■ **Try it**
Leaving out all pictures, transcribe exactly the lines between the line with "This feature is" and the last line of the records below, both included.

Data entries
☆ ☆ ☆ ☆ ☆ ☆ ☆

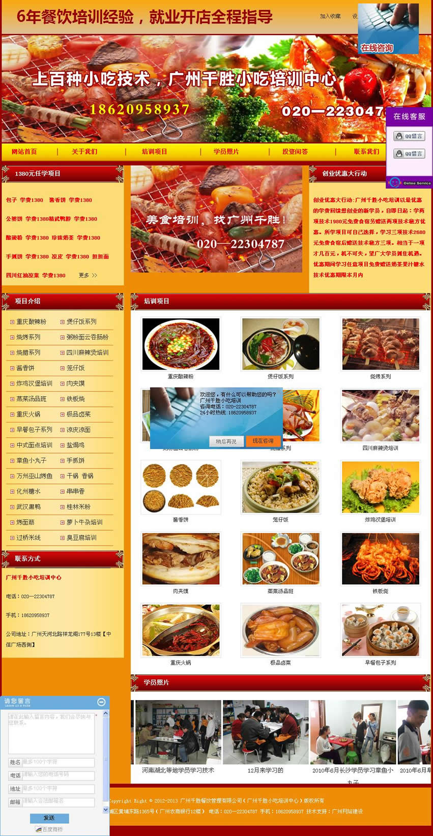 廣州千勝小吃培訓(xùn)中心座落在風(fēng)景秀麗的廣州天河區(qū)。專業(yè)從事飲品、特色小吃、地方小吃、私房菜、地方特色飲食的培訓(xùn)研究機構(gòu),擁有多名專業(yè)培訓(xùn)老師,都擁有精湛的技術(shù)和豐富的開店經(jīng)驗。中華美食源遠流長,博大精深。五千年傳統(tǒng)文化成就了多種不同的美食文化,廣州千勝小吃培訓(xùn)中心作為餐飲行業(yè)里的嬌嬌者,為傳承中華美食文化,匯集國內(nèi)外餐飲食品行業(yè)研發(fā),教育培訓(xùn),運營管理,餐飲策劃,特色小吃培訓(xùn)等各方面的專家學(xué)者。從事美食文化的傳播與推廣工作,以倡導(dǎo)美食新概念和標準化。把“傳統(tǒng)與時尚,美味與健康”完美結(jié)合,把美食制作推向簡易和標準化的新高度,讓每一個人都會做美食,使客戶達到零風(fēng)險創(chuàng)業(yè),創(chuàng)造高回報的價值,真正達到相互共贏。
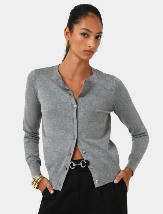 Cut from a soft, textured ribbed knit, it features a flattering V-neckline with button-up fastening and long sleeves for everyday ease. Ribbed cuffs and hem keep the shape sharp, while natural stretch gives it that relaxed, throw-on feel.
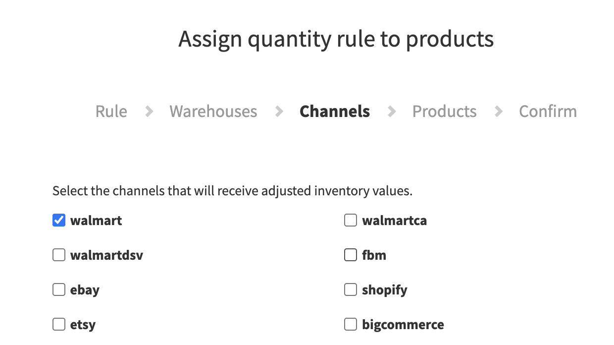 This feature is especially useful when you want to protect stock in one location, prioritize certain marketplaces, or avoid overselling. For example, you may want to send only a few units of inventory from your warehouse to Walmart, keep a fixed quantity reserved for Shopify, or limit a warehouse to supplying only one marketplace. Quantity Rules help you manage risk, maintain balanced stock levels, and align inventory allocation with your overall sales strategy.
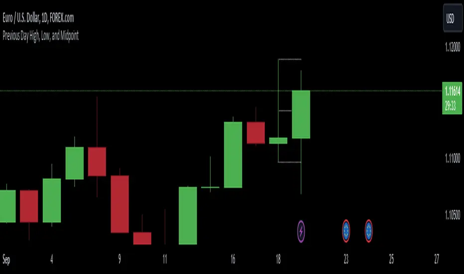 shows yesterdays high low and midpoint elimainating the need to use the fib tool every day
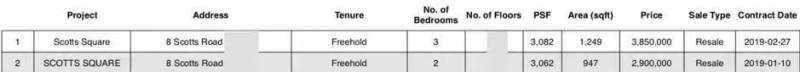 2019年(12年后),乌节路ScottsSquare 交易价仅$3000/平方尺左右。每尺大约下降了15%至45%!
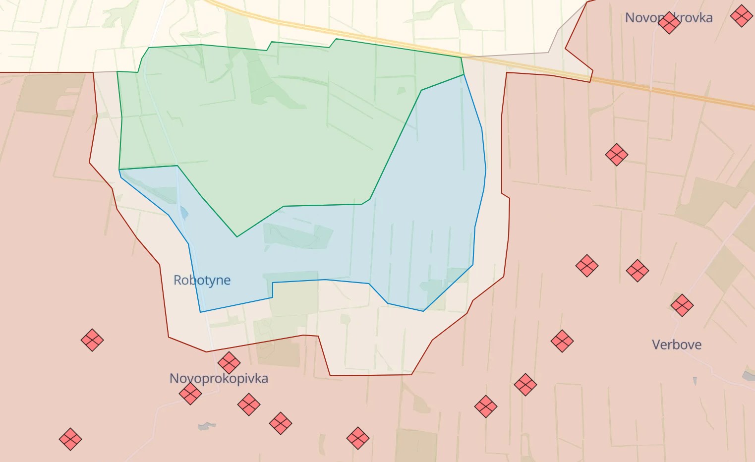 Последние дни основные новости об активности украинских сил идут между Работино и Вербовым. По ситуации в самом Работино по-прежнему идет разная информация. В Минобороны Украины вчера заявили об освобождении села. Российские паблики утверждают, что россияне удерживают его южные окраины.

☆ ☆ ☆ ☆ ☆ ☆ ☆

■ **Finished exercise**
 This feature is especially useful when you want to protect stock in one location, prioritize certain marketplaces, or avoid overselling. For example, you may want to send only a few units of inventory from your warehouse to Walmart, keep a fixed quantity reserved for Shopify, or limit a warehouse to supplying only one marketplace. Quantity Rules help you manage risk, maintain balanced stock levels, and align inventory allocation with your overall sales strategy.
 shows yesterdays high low and midpoint elimainating the need to use the fib tool every day
 2019年(12年后),乌节路ScottsSquare 交易价仅$3000/平方尺左右。每尺大约下降了15%至45%!
 Последние дни основные новости об активности украинских сил идут между Работино и Вербовым. По ситуации в самом Работино по-прежнему идет разная информация. В Минобороны Украины вчера заявили об освобождении села. Российские паблики утверждают, что россияне удерживают его южные окраины.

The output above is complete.